• MATERIALS PROVIDED:
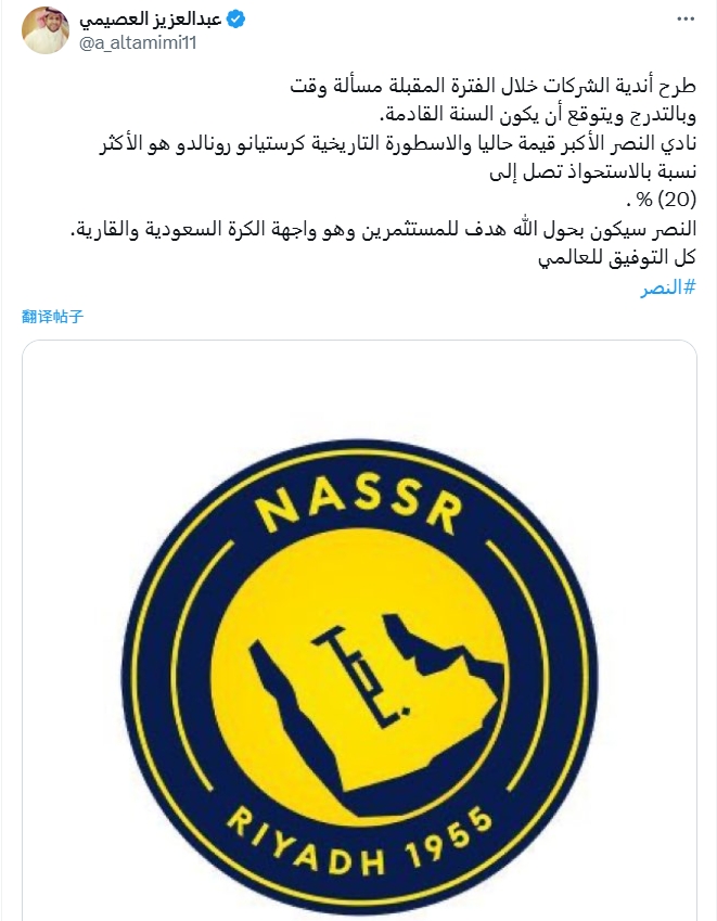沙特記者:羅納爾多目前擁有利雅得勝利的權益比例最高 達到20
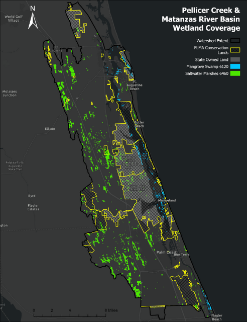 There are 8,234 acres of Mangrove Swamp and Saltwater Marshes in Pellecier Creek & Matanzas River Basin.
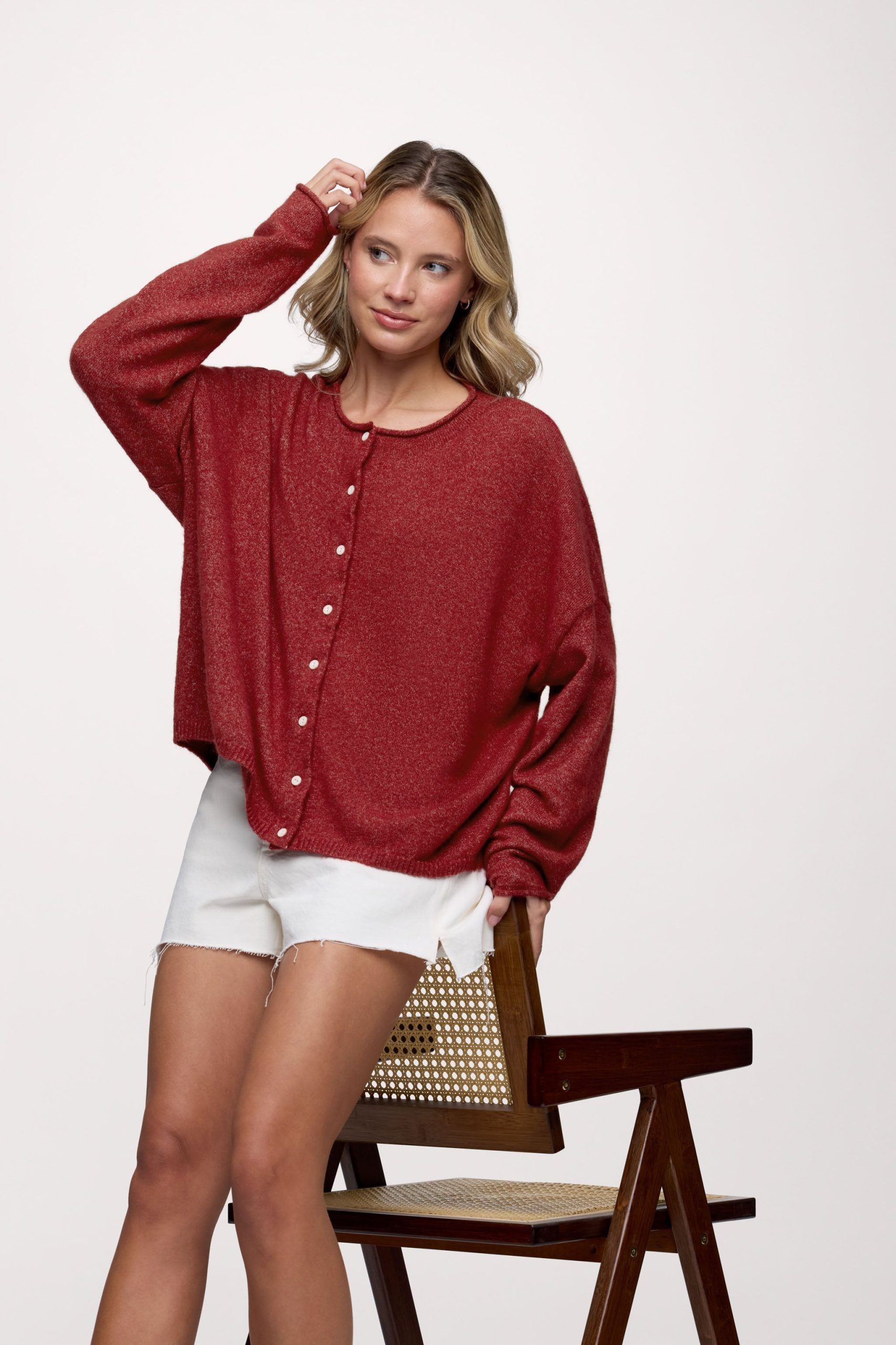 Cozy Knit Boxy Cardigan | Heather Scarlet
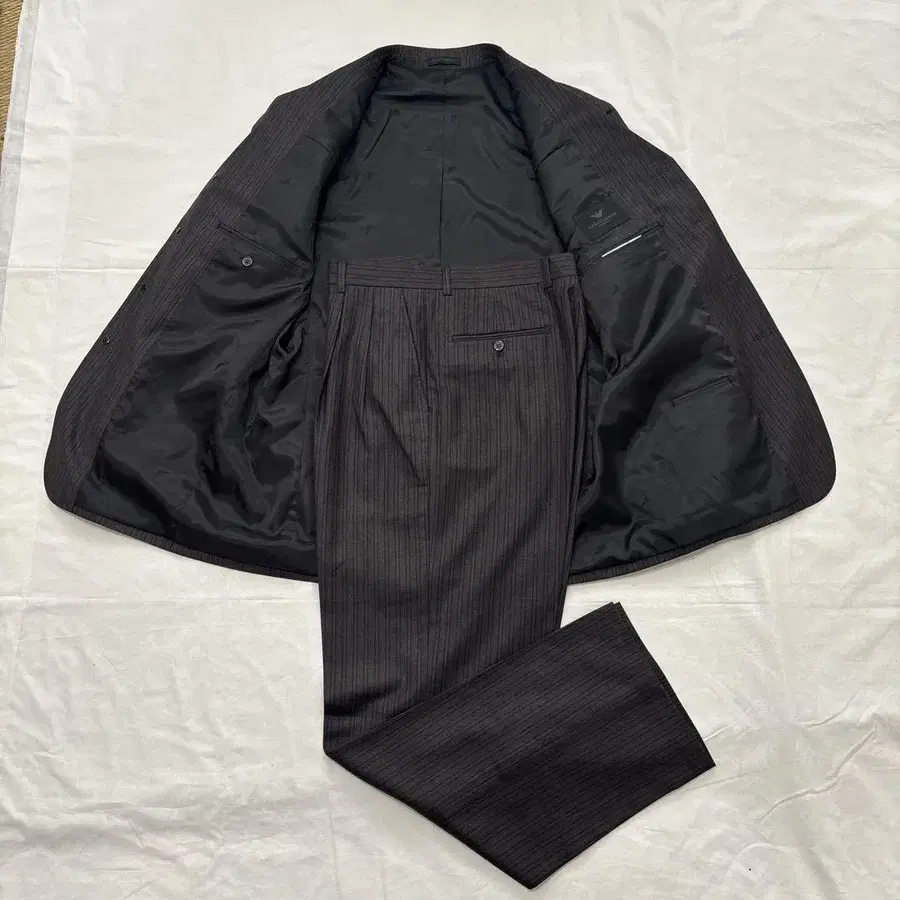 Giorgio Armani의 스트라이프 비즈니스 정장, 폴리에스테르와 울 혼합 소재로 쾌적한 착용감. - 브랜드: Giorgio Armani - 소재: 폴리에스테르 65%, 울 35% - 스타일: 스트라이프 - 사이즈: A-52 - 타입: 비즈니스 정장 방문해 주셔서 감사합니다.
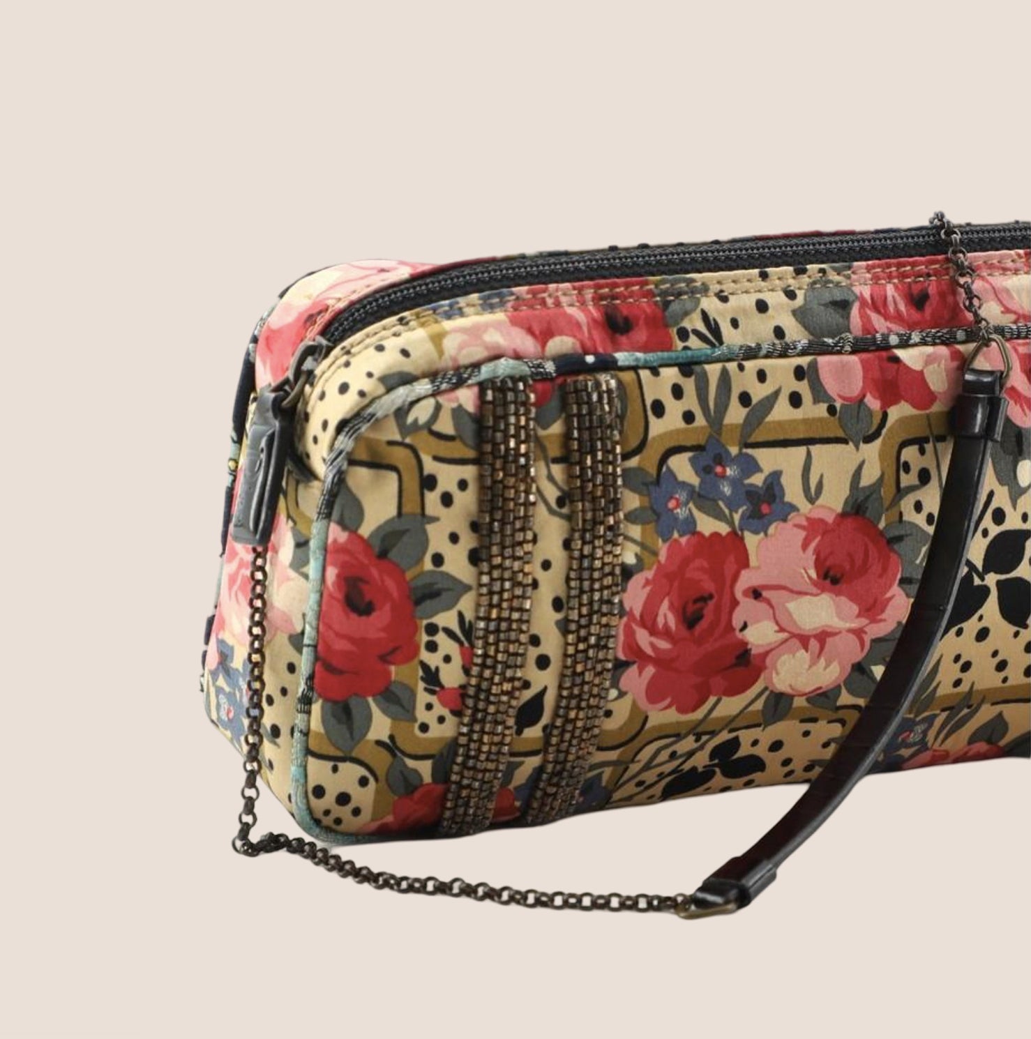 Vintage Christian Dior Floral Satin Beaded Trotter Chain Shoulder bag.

• ACTION ITEM: Every entry is to be transcribed exactly, but the pictures are to be left out.

• PROBLEM SOLUTION:
沙特記者:羅納爾多目前擁有利雅得勝利的權益比例最高 達到20
 There are 8,234 acres of Mangrove Swamp and Saltwater Marshes in Pellecier Creek & Matanzas River Basin.
 Cozy Knit Boxy Cardigan | Heather Scarlet
 Giorgio Armani의 스트라이프 비즈니스 정장, 폴리에스테르와 울 혼합 소재로 쾌적한 착용감. - 브랜드: Giorgio Armani - 소재: 폴리에스테르 65%, 울 35% - 스타일: 스트라이프 - 사이즈: A-52 - 타입: 비즈니스 정장 방문해 주셔서 감사합니다.
 Vintage Christian Dior Floral Satin Beaded Trotter Chain Shoulder bag.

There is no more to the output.